The mean scores of the different benefits tourists sought while visiting Mpumalanga are presented in Table 4. “Natural environment” as a benefit was highly sought (5.75), followed by “escape” (5.59) and “social bonding” (5.12). Therefore, a factor of value to tourists who visit Mpumalanga was found to be the benefits “natural environment,” “escape” and “social bonding.” All the benefits had coefficients for asymmetry and kurtosis between –2 and +2 and are therefore considered to follow a normal univariate distribution (George and Mallery, 2010). The next phase of analysis was to determine whether there were statistically significant differences between residential origins with regard to benefits sought. The Kruskal–Wallis test was used and the following hypotheses were tested:
There is no statistically significant difference between the respondents’ residential origin and each of the benefits measured.
There is a statistically significant difference between the respondents’ residential origin and each of the benefits measured.
The Kruskal–Wallis test statistics results are illustrated in Table 5.
There was a difference between the origin of residence groups at the 1% level of significance with regard to benefits: “spending time with loved ones,” “social bonding,” “relaxing in nature,” “natural environment,” “adventure,” “history,” “culture,” “escape” and “learning.” Respondents originating from Mpumalanga Province sought spending time with loved ones (mean rank = 231.25) and relaxing (mean rank = 219.75), while tourists originating from Limpopo Province sought social bonding (mean rank = 274.24).

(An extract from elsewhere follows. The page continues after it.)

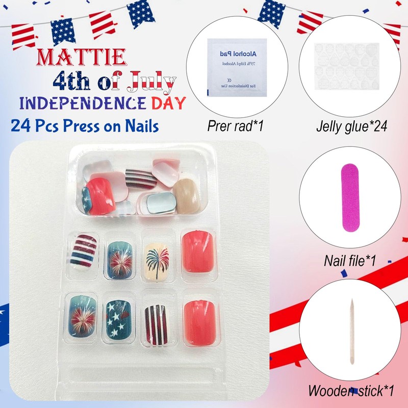 - MAOTTIE Independence day press on nails contains 24 pieces of full coverage nails, 12 different sizes, 1 mini nail file, 24 pieces of jelly glue, 1 alcohol pad, 1 wooden stick. you can choose the most suitable false nails according to the size and width of your nails.

With regard to international tourists, they sought spending time in a natural environment, looking for adventure, learning about history, experiencing culture and learning more about the destination (mean rank = 288.89, 237.48, 282.21, 280.90 and 292.84, respectively). In the third phase of analysis, benefit dimension scores were used to profile market segments. The third stage entailed performing a cluster analysis to determine benefits that would form segments.
4.3 Identification of benefit segments: cluster analysis
Using the SPSS software package, a two-step cluster analysis was conducted. Two-step clustering identifies the groupings by running pre-clustering first and then using hierarchical methods. The statistical clustering procedure led to a two-cluster solution that was supported by the silhouette measure of cohesion and separation (Bacher et al., 2004, p. 4). Cluster quality was reported through the silhouette measure of cohesion and separation (Lewis et al., 2012, p. 1871) that was acceptable (average silhouette 0.3) as indicated in Figure 3.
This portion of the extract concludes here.